The delayed mandate affects employers with 50 or more full-time workers. Although this does not affect the establishment of state exchanges that will allow uninsured people to obtain health care coverage or the requirement that most Americans have insurance by January 2014, the delay sows uncertainty and confusion.

Certainly, there's something to be said for flexibility that allows businesses time to adjust, but the problem here is that the motives of all involved are suspect. The U.S. Chamber of Commerce, for example, has supported the repeal of Obamacare, as opponents disparagingly call it, and won't be mollified by this delay because it believes the law is fundamentally flawed.

For its part, the Obama administration has now pushed back the final implementation of health care reform beyond the midterm congressional elections, and it doesn't take a suspicious mind to guess at the political calculation. Already the undivided ranks of the law's Republican opponents see the postponement as vindication.
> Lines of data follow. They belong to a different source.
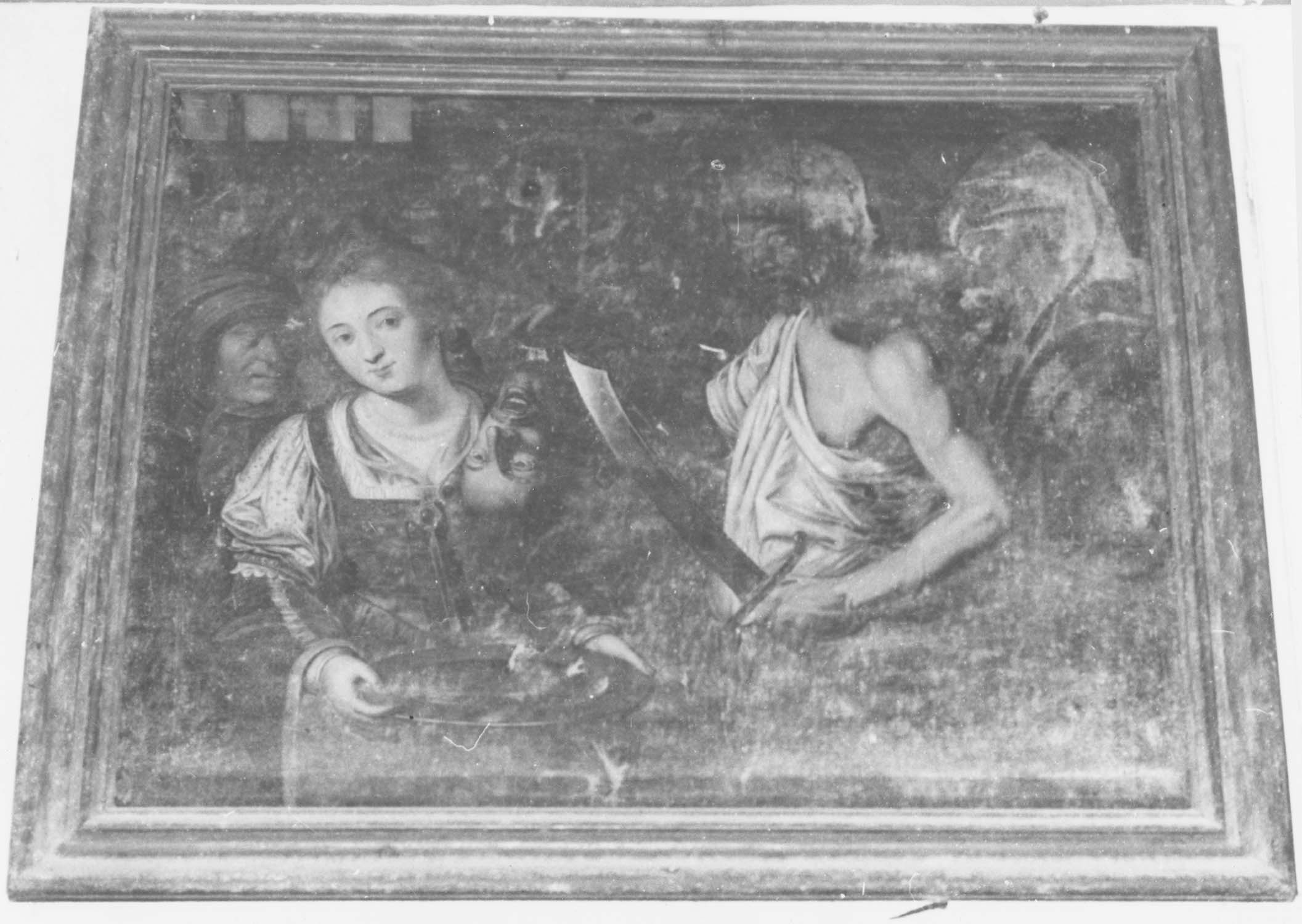 Le bourreau présente à Salomé la tête de Jean-Baptiste qu'il vient de décapiter avec le cimetère qu'il tient encore dans sa main gauche. Salomé, à gauche de la toile, tend un plat qu'elle tient de ses deux mains. Derrière elle se tient une servante. On aperçoit en haut à gauche les barreaux d'une fenêtre de la prison de saint Jean-Baptiste.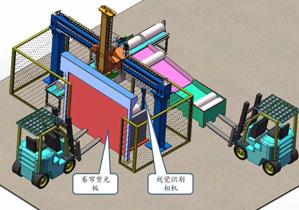 节拍<60s,从视觉系统拍照定位开始,到棒料输送至V型辊道的取料段等待被取走。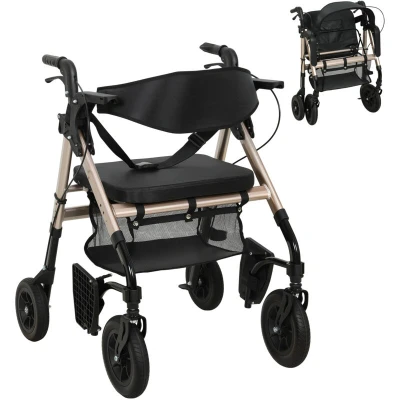 ManoMano HOMCOM 2-in-1 Mobility Walker with Seat, Foldable Rollator with Footrests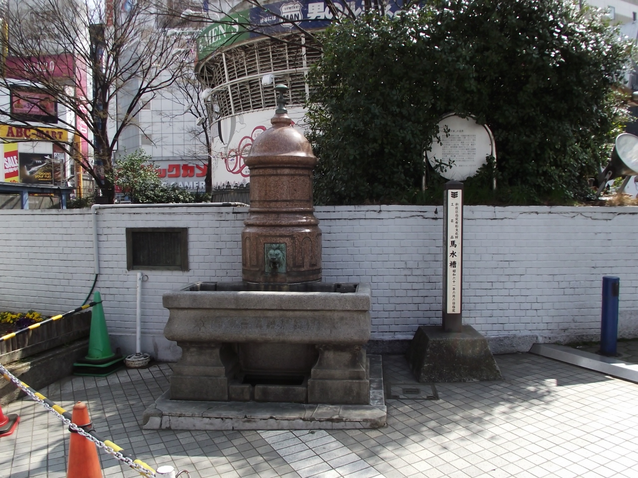 これは、明治39年ロンドン水槽協会から東京市に贈られたもので、上部が馬、下部が犬猫、裏側が人間の水飲場となっており、元来動物愛護の目的で造られたもの とのことです。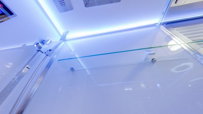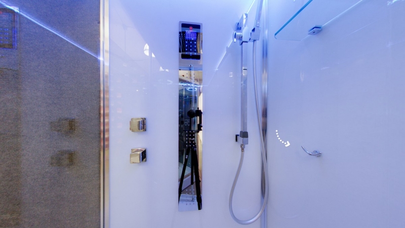 С радио, подсветка, ручной душ, верхний душ |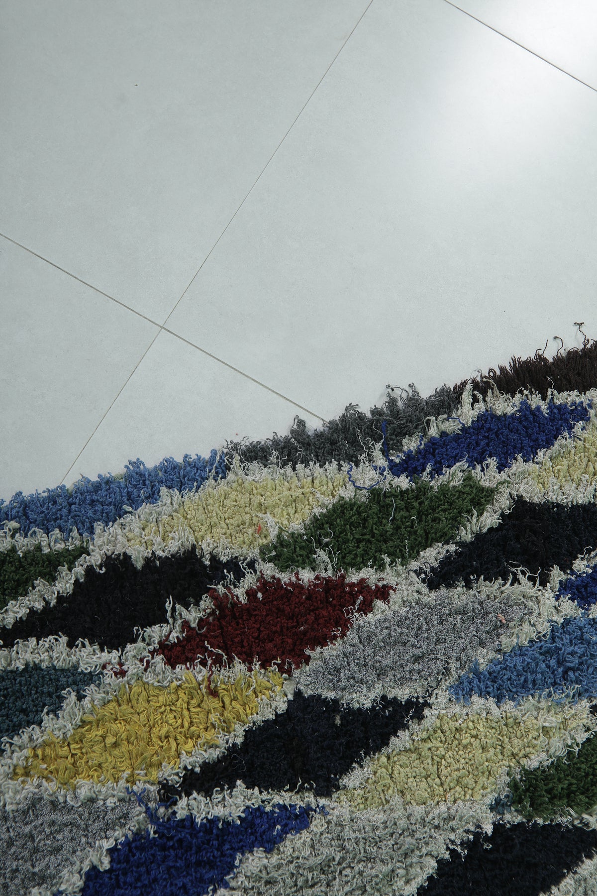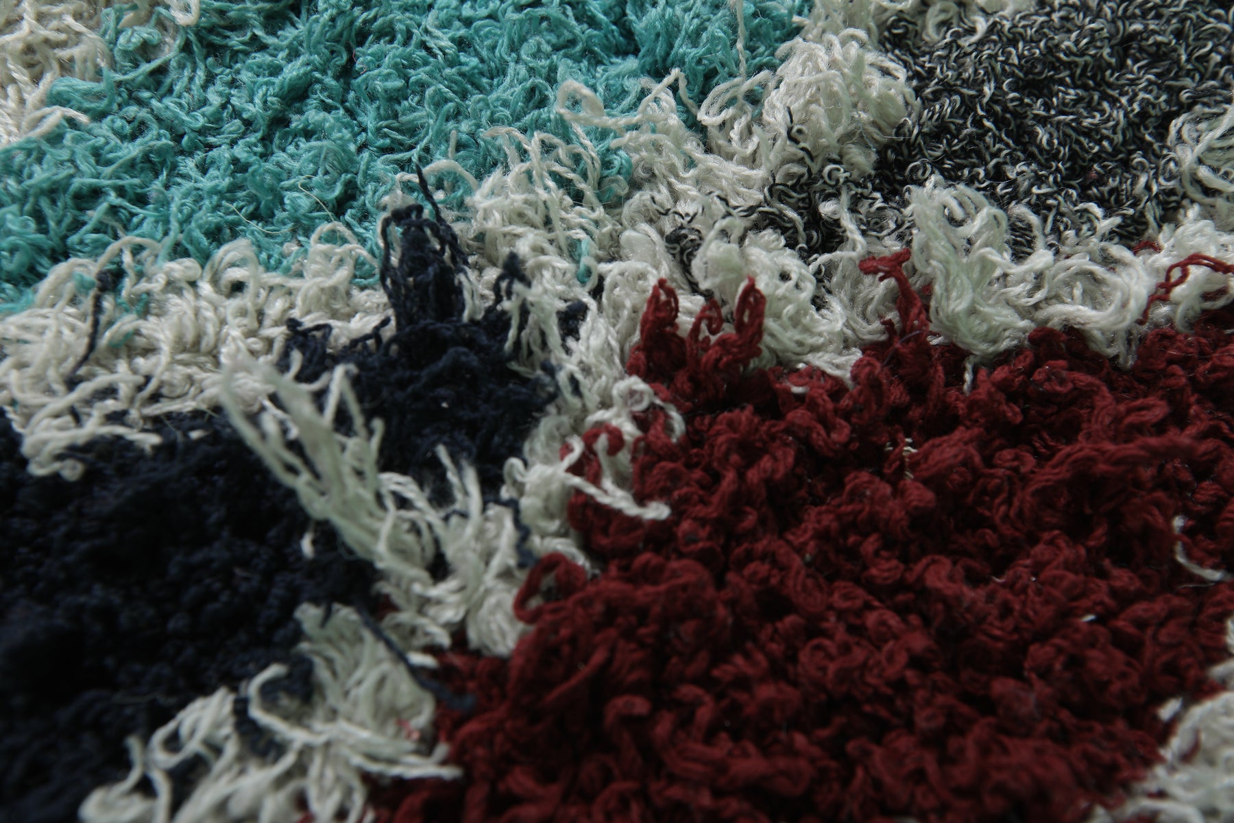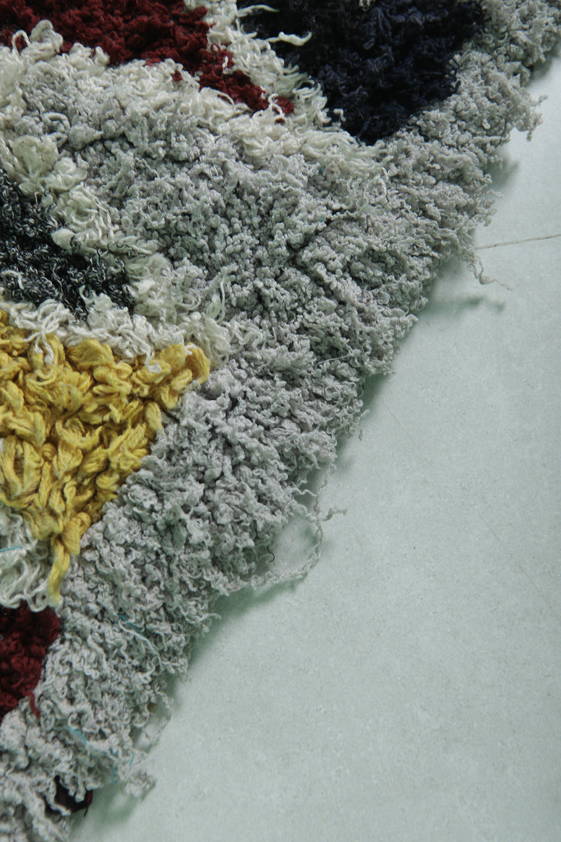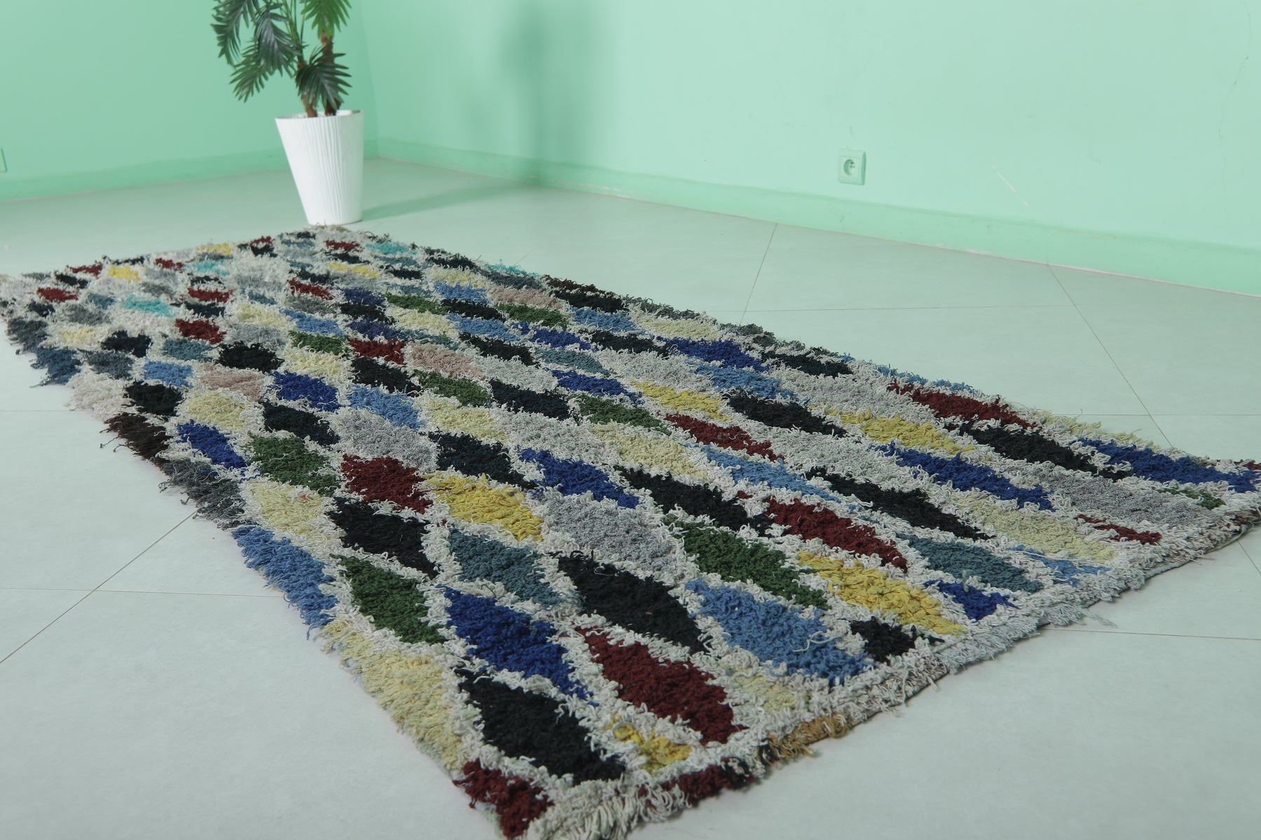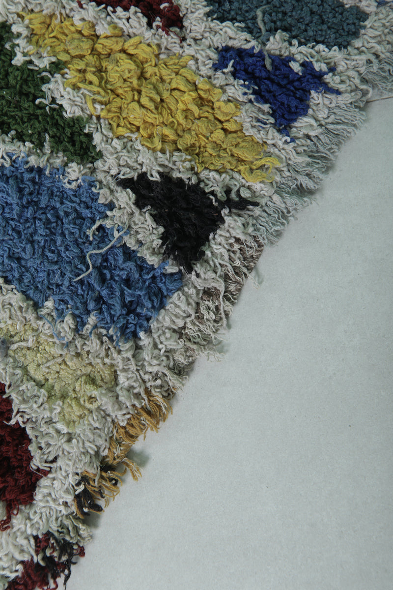 - Multicolored diamond motifs in a traditional Boucherouite style.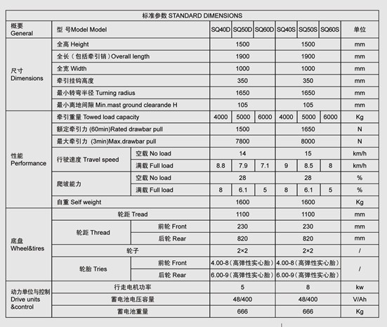 · 大功率电机配备自主研制的牵引车专用变速箱、驱动桥,结构紧凑,传动平稳,噪声小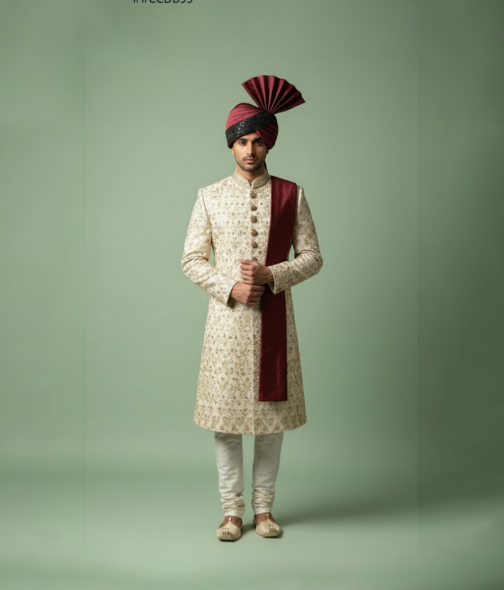 A maroon black contrast kulla designed with a bold mix of deep maroon and classic black tones. The contrast creates a strong traditional look while keeping it stylish and clean. Comfortable and well-structured, it holds its shape throughout long events. Perfect for weddings and festive gatherings, it pairs best with black or maroon sherwanis for a sharp coordinated look.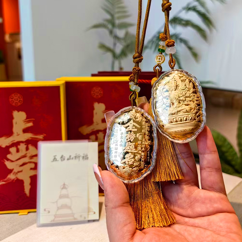 五台山文殊菩萨金榜题名挂件 寓意上岸 含金0.02克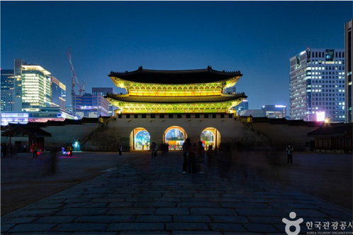 Gwanghwamun Gate, a meeting place for visitors traveling around and a starting or ending point for tourists, boasts a splendid figure and stands in the center of Seoul.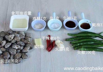 发布时间: 8小时前步骤1准备食材:蚬子250克、尖椒100克、姜1块、大蒜4克、干辣椒4个、生抽3克、蚝油3克、盐1克、鸡精1克、食用油适量 。步骤2蚬子肉洗净沥干水分备用 。步骤3尖椒洗净切粒 。步骤4姜切末 。步骤5蒜切末 。步骤6干辣椒剪成段 。步骤7...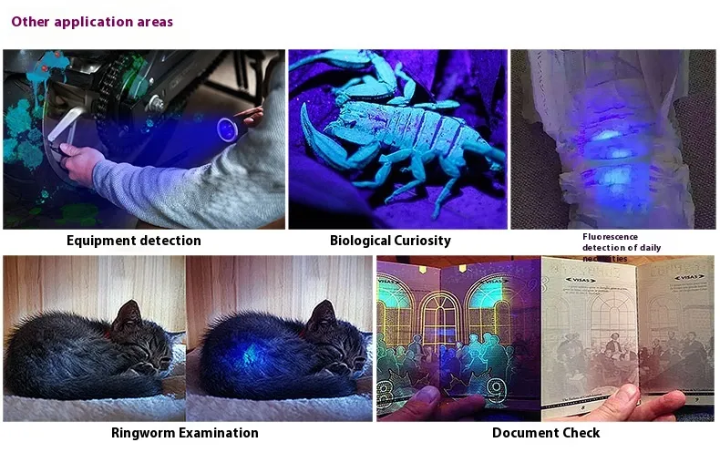 Beyond pet stains, this UV flashlight is also effective for identifying insect activity. It helps reveal pests like bed bugs, scorpions, fleas, and other insects that leave trace evidence in your home. The flashlight can be used to monitor areas that might be harboring pests or to spot contaminated areas during epidemic prevention efforts.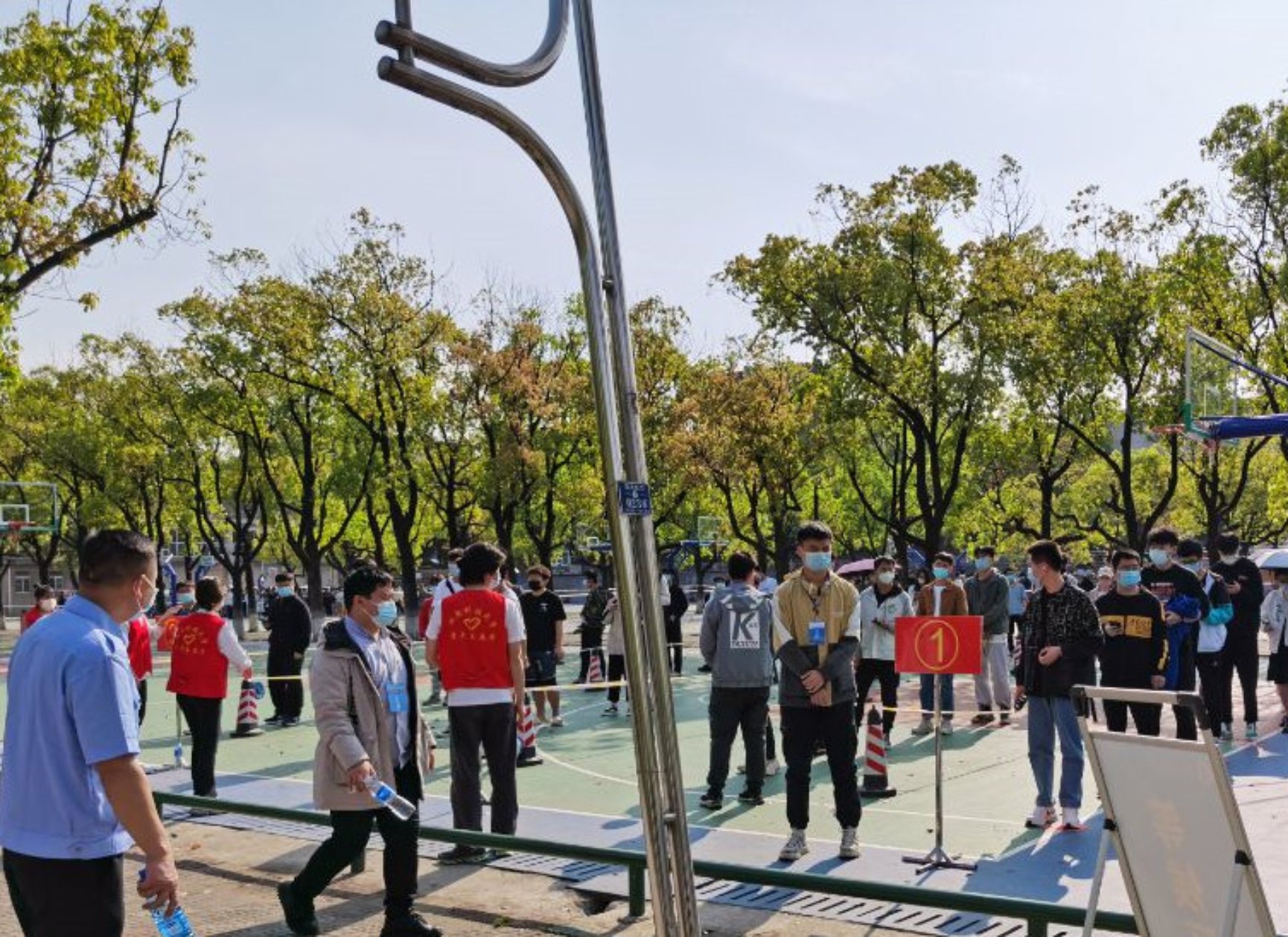 2020级安全工程专业学生谢文豪及24名同学是此次核酸检测学生志愿者。他们往返于组织集合点和核酸检测点之间,仔细清点好每组核酸检测人数,检查健康码,提醒检测师生保持一米间距,按批次有组织、有纪律的引导师生进行核酸检测。在学生志愿者们全面、细致的服务下,核酸检测工作进行得井然有序。

Variations of "See, even the Obama administration believes the plan is unworkable" echo throughout the land.

In the meantime, those for whom the law was written and passed -- millions of uninsured Americans -- must wait another year for all its full force to come into play. The delay allows the health care pinata to hang on the tree for another year so that it can be whacked with renewed vigor.

Some recent history needs to be remembered. The passage of health care reform was a historic achievement that addressed an urgent need. The nation's health care system was not only broken but also hugely expensive. Republican opponents who now warn of Obamacare sticker shock were largely silent when the cost of premiums escalated every year.

If this delay allows the opposition to gather strength and kill the Affordable Care Act, the nation will return to the bad old days -- because, while Republicans talk a good game, they don't have a plan to cover the millions of Americans who have been without insurance. This is not their issue.

We hope the administration's flexibility works, but a delay that encourages opponents and discourages supporters doesn't inspire confidence.